Ketika kita berdoa hati kita bukan dipenuhi DOSA tapi pastikan hati kita BERSIH supaya berkenan dihadapan TUHAN.
>Kalau kita tahu ada kesalahan mari kita mohon ampun kepada Tuhan.
Contoh: Daud
Mazmur 51: 3 – 5
>Doa Daud mohon pengampunan Tuhan karena dosanya yang dia lakukan kepada Batsyeba.
>Daud memastikan hatinya benar dihadapan Tuhan sehingga dia membawa hidupnya pada Tuhan.

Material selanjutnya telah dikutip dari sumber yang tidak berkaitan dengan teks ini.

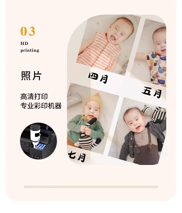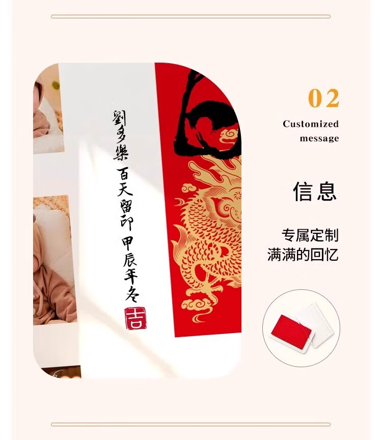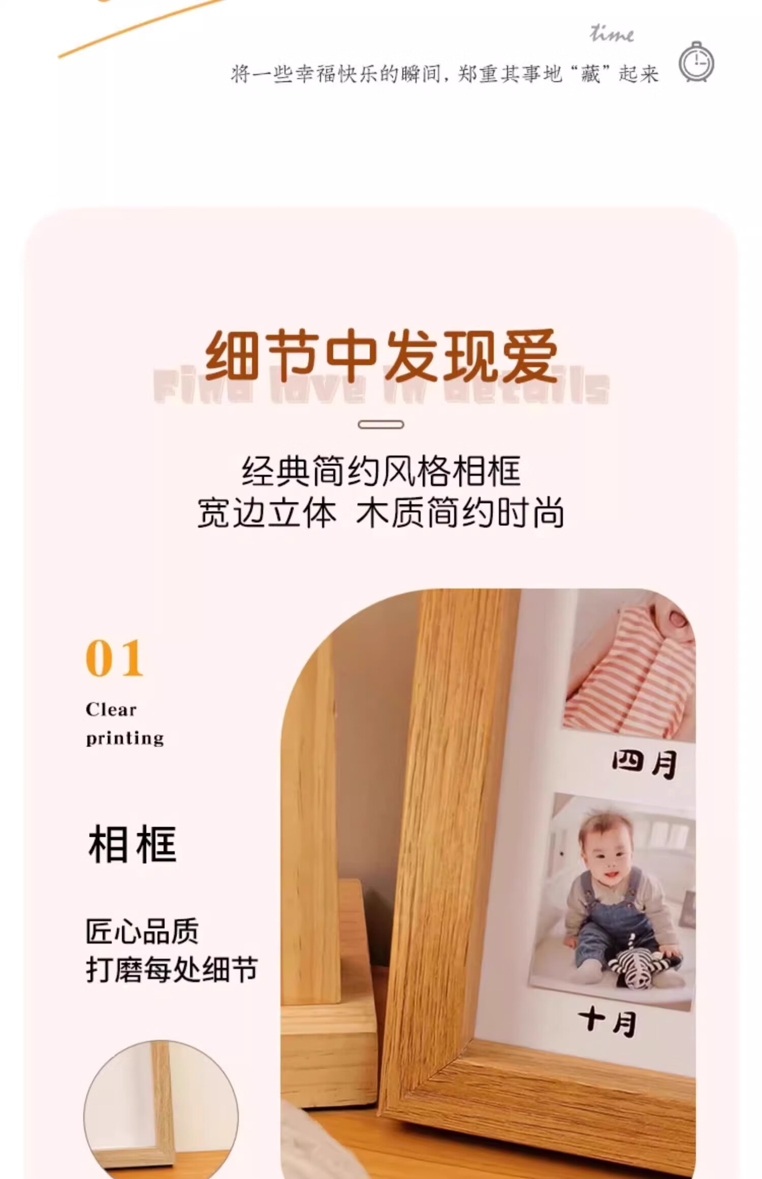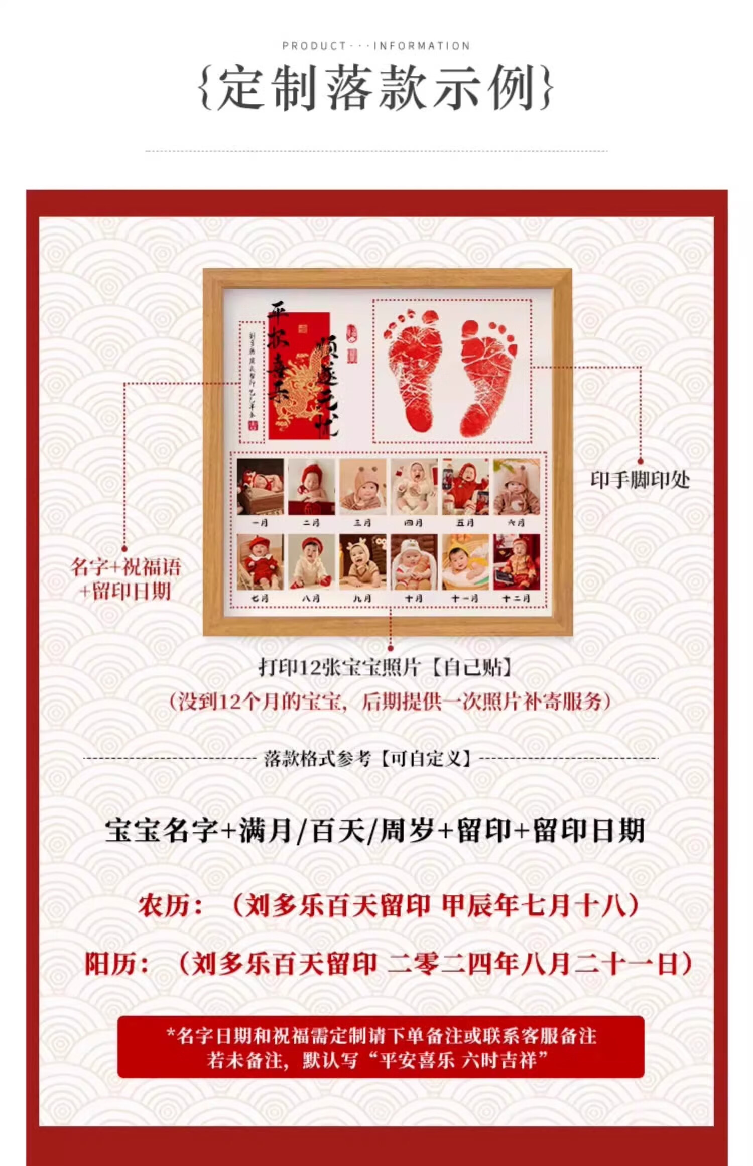 Baby dragon's one-year-old hand and foot print photo souvenir photo frame 100 days of baby footprints and full moon ceremony walnut color - one year old - horizontal version 33x33cm

4. DOA dengan TUJUAN YANG JELAS.
Yakobus 4 : 3 Atau kamu berdoa juga tetapi kamu tidak menerima apa-apa, karena kamu salah berdoa, sebab yang kamu minta itu hendak kamu habiskan untuk memuaskan hawa nafsumu.
>BERDOA bukan untuk
MEMUASKAN KEINGINAN kita tapi untuk MENYESUAIKAN KEHENDAK TUHAN.
Matius 26 : 30 “Ya Bapa, sekiranya mungkin biarlah cawan ini lalu dari pada-Ku, tetapi janganlah seperti yang Kukehendaki melainkan seperti yang Engkau kehendaki.”
5.DOA dengan UCAPAN SYUKUR.
Filipi 4 : 6 Janganlah hendaknya kamu kuatir tentang apapun juga, tetapi nyatakanlah dalam segala hal keinginanmu pada Allah dalam doa dan permohonan dengan ucapan syukur.
>BERDOA bukan hanya berisi PERMOHONAN kita, tetapi juga UCAPAN SYUKUR kepada TUHAN.
KESIMPULAN:
Api Doa yang kita bawa kepada Tuhan harus mencerminkan:
1.Keyakinan,
2. Ketekunan,
3.Hati yang besih
4. Tujuan yang jelas.
5. Ucapan Syukur.
Mari kita koreksi doa seperti apa yang kita bawa kepada Tuhan. Apakah doa kita lahir dari hati yang bersih, keinginan yang tulus dan benar? Mari kita membawa hidup yang benar sehingga apa yang kita doakan akan berkenan dihadapan Tuhan. Amin. Tuhan Yesus memberkati.